A paralisação de diversas atividades em virtude da pandemia do novo coronavírus gerou uma série de debates sobre a possibilidade de se enquadrar a extinção dos contratos de trabalho com base no fato do príncipe previsto no art. 486 da CLT, cujo caput indica:
“Art. 486 – No caso de paralisação temporária ou definitiva do trabalho, motivada por ato de autoridade municipal, estadual ou federal, ou pela promulgação de lei ou resolução que impossibilite a continuação da atividade, prevalecerá o pagamento da indenização, que ficará a cargo do governo responsável.”
Uma primeira corrente não admite a possibilidade de invocação de fato do príncipe, sustentando que a defesa apenas pode ser invocada no caso de ato administrativo discricionário (uma desapropriação, por exemplo) ou de lei derivada de opção pura do legislador (ex: reconhecimento como zona de preservação ambiental, por lei de efeito concreto, de área em que ocorre exploração de minérios).
Como as medidas adotadas por força da pandemia não foram impostas em virtude da gravidade da situação, essa corrente não aceita o fato do príncipe.
Além disso, essa corrente defende que o fato do príncipe pressupõe cessação completa da atividade, isto é, fechamento definitivo do estabelecimento, e não mera suspensão ou redução das atividades.
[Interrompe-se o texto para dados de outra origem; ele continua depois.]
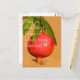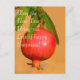 A single almost-ripe pomegranate graces the cover of this card. The pomegranate symbolizes prosperity and plenty because when you open it up you have a multitude of tasty and nutritious seeds that can used in so many ways: in salads, juices or cooked with other dishes. What a wonderful symbol for the Jewish New Year! The front of the card says: May the New Year bring you lots of happy surprises. On the back is an image of an opened pomegranate.
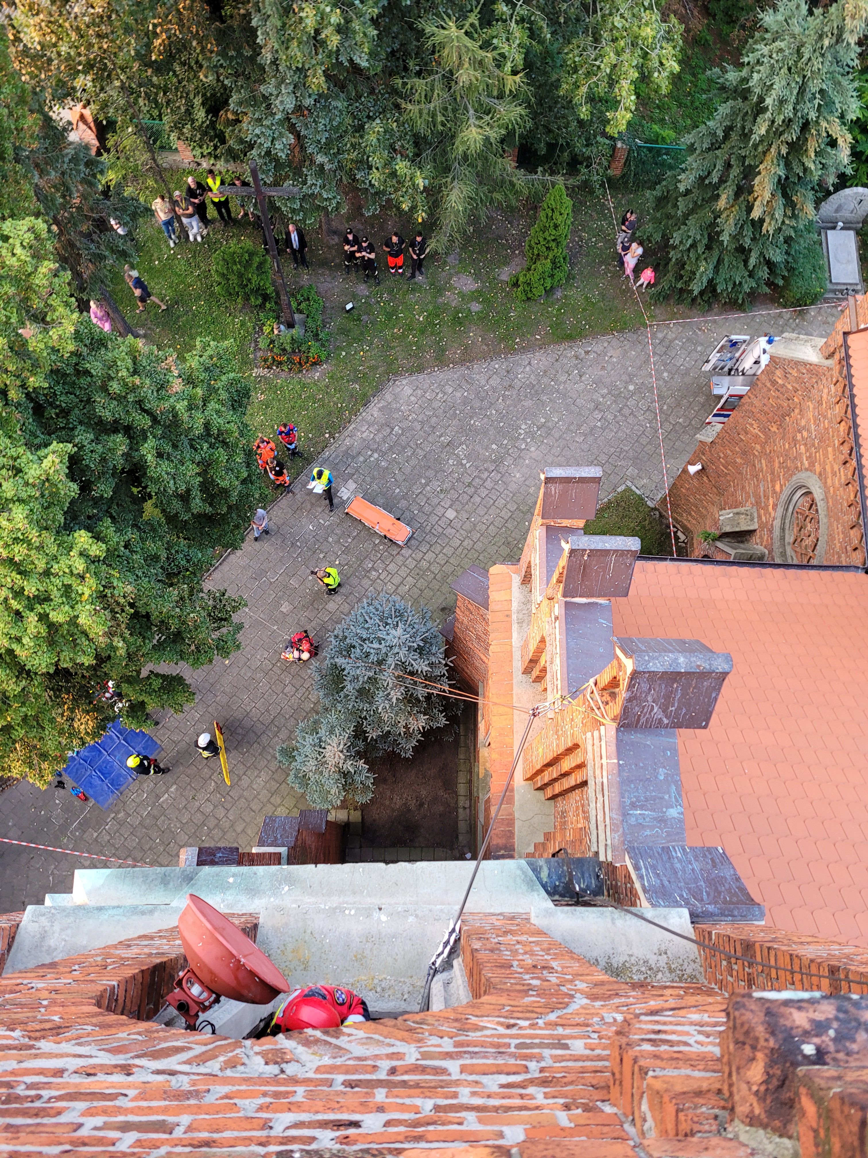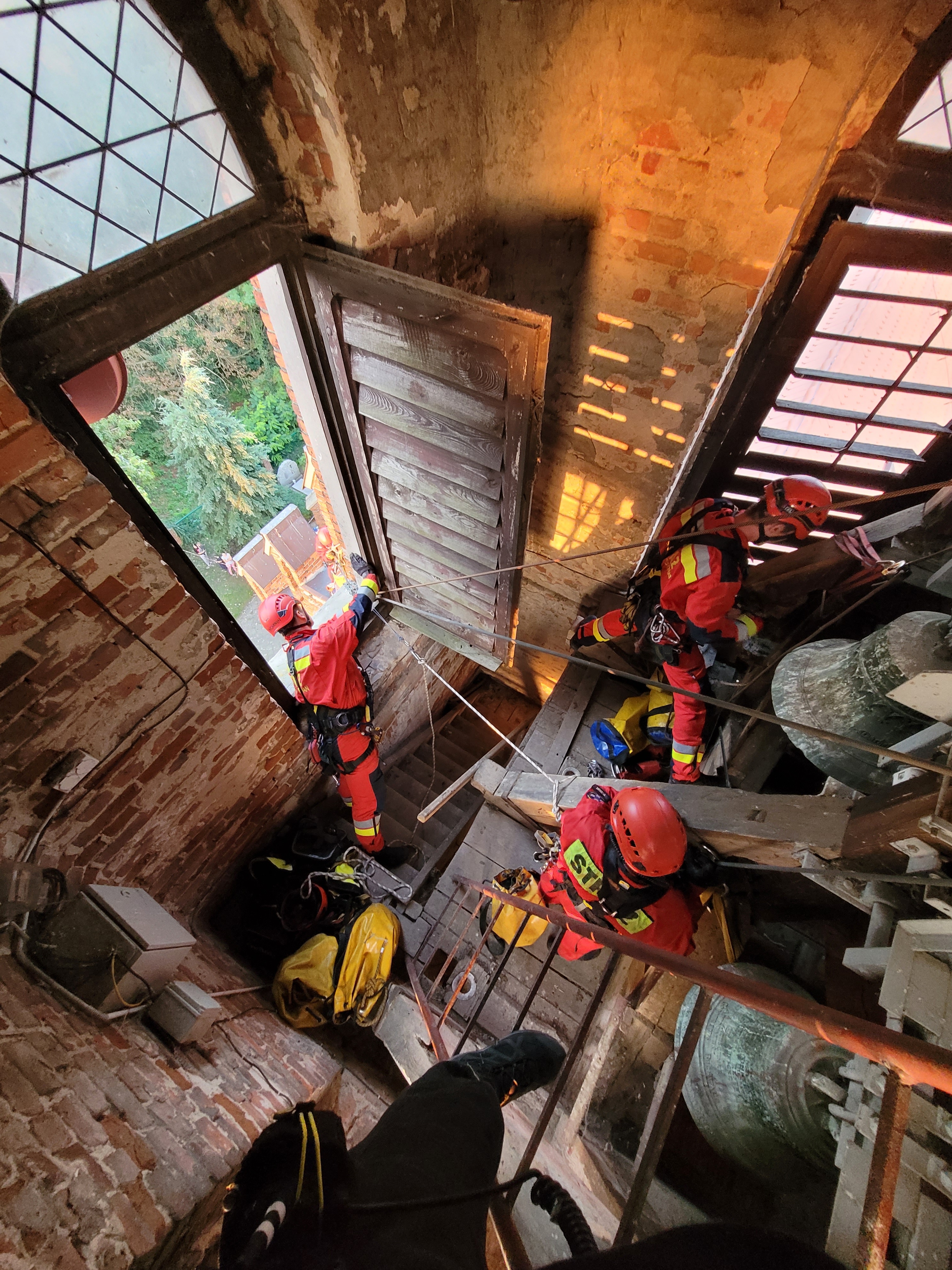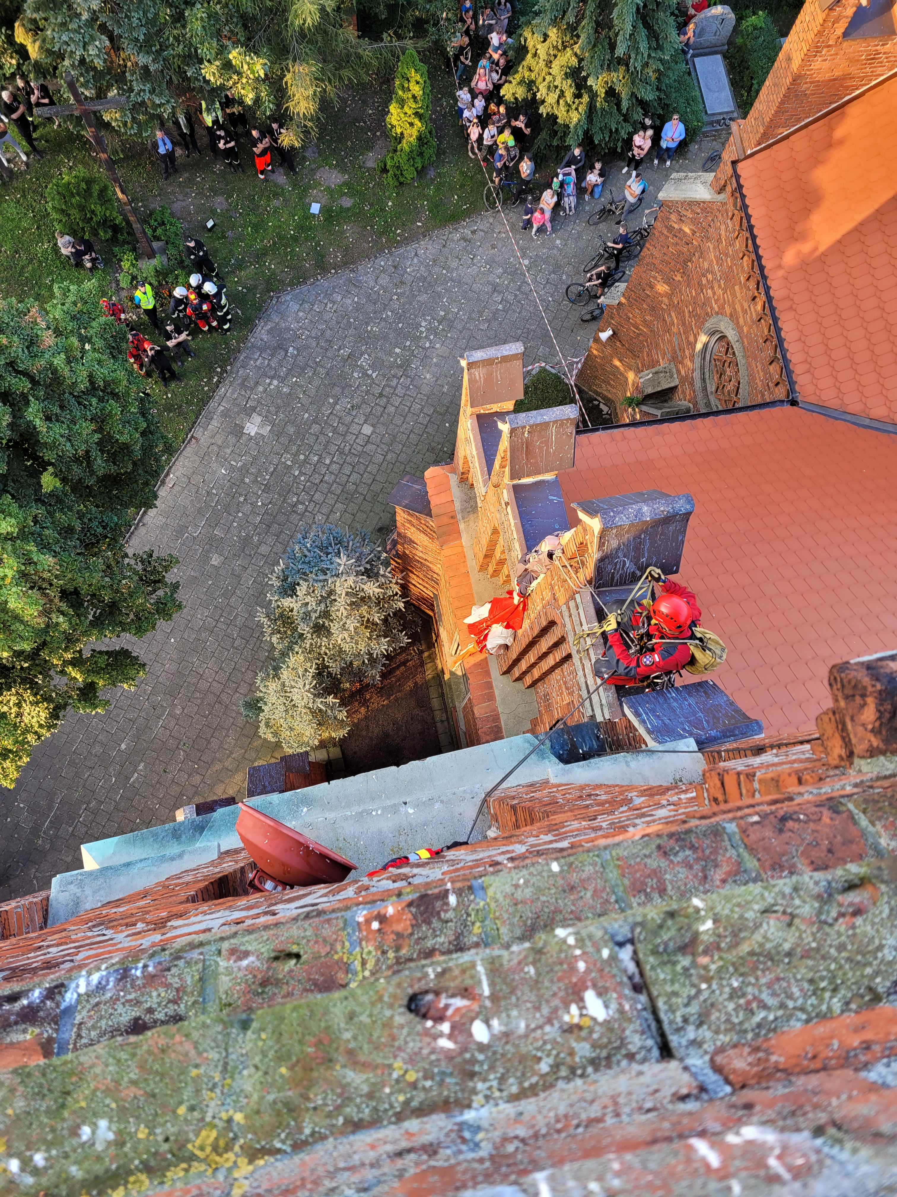 Zadaniem jakie przypadło SGRW Poznań było dotarcie do poszkodowanego „spadochroniarza” który zawisł na jednej z wież kościoła w miejscowości Mokronos.

Uma segunda corrente (minoritária) defende a plena aplicabilidade da teoria, reconhecendo que se trata de situação que permite transferir ao ente público que determinou a paralisação das atividades o encargo pela multa de 40% do FGTS.
Uma terceira corrente admite que, quando se trata de efetiva cessação definitiva do estabelecimento, o caso importaria extinção do contrato de trabalho por força maior, considerando que derivou de fato imprevisível para o qual não concorreu o empregador (art. 501 do CPC). Formulam sua tese com base no art. 1º, parágrafo único, da MP 927/2020. No entanto, caso não haja o fechamento permanente do estabelecimento, poder-se-ia invocar o fato do príncipe, visto que a lei não exige expressamente a discricionariedade como elemento do tipo.
Contudo, com a Lei 14.020/2020, ficou inviabilizada a alegação de fato do príncipe por força do art. 29:
“Art. 29. Não se aplica o disposto no art. 486 da CLT, aprovada pelo Decreto-Lei nº 5.452, de 1º de maio de 1943, na hipótese de paralisação ou suspensão de atividades empresariais determinada por ato de autoridade municipal, estadual ou federal para o enfrentamento do estado de calamidade pública reconhecido pelo Decreto Legislativo nº 6, de 20 de março de 2020, e da emergência de saúde pública de importância internacional decorrente do coronavírus, de que trata a Lei nº 13.979, de 6 de fevereiro de 2020.”
Logo, agora, para se admitir a tese do fato do príncipe, seria necessário, para a segunda e a terceira correntes, reconhecer a inconstitucionalidade do preceito, atraindo grande ônus argumentativo.